Tomorrow the US employment report (non-farm payrolls) for February will be released. Every month (usually on the first Friday of the month, but not always) the Bureau of Labor Statistics publishes these numbers, and they’re generally watched very closely. As traders, we’ve been told to fear the volatility of NFP days. Why? The idea is that this announcement moves markets when unemployment is high because there is a desire for more employment to spur the economy – with more people working there will be more consumption, higher GDP, higher taxes, etc…
On the flip side, when unemployment low, there is less desire for increased employment so that demand-pull inflation doesn’t set in ala the Phillips curve (if everyone is making good money, they’ll bid up the prices for goods and services). So, 7:00 AM CST on these Fridays is usually expected to be a volatile time for bond markets (as well as Crude and other risk on/off assets at times) – the theory being that if employment is a canary in the coal mine for problems, Fed actions will follow shortly thereafter to correct imbalances. We wanted to see how this bears out in practice…
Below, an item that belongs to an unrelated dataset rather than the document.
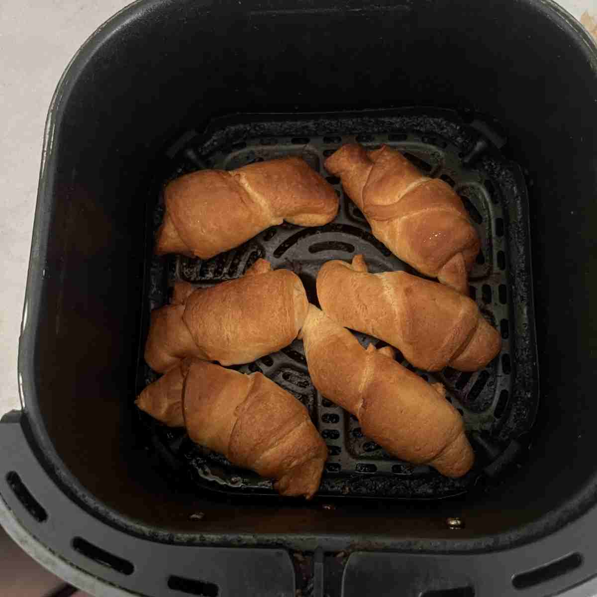 Place the crescent rolls in a single layer in the basket, leaving space between each one.Air fry at 350°F for 6 to 8 minutes, or until golden brown.

So just how much more volatile are NFP days compared to the rest of the year? We looked at the average change in volatility on NFP days compared to the rest of the year:
Turns out the conventional wisdom is right on the money. Volatility increases on NFP days increase by 26% on average, with the largest increase in 2004 and the smallest increase in 2008. Points of interest: NFP days appear to be more of a “shock” event in years with lower overall volatility (such as in 2004) and doesn’t shift things as much in high volatility environments (such as in 2008). Also of note – SPs are the least affected among the financial markets we looked at. We don’t have a crystal ball, and can’t say what tomorrow’s report will bring… but history suggests that our NFP day volatility worries may be well-founded.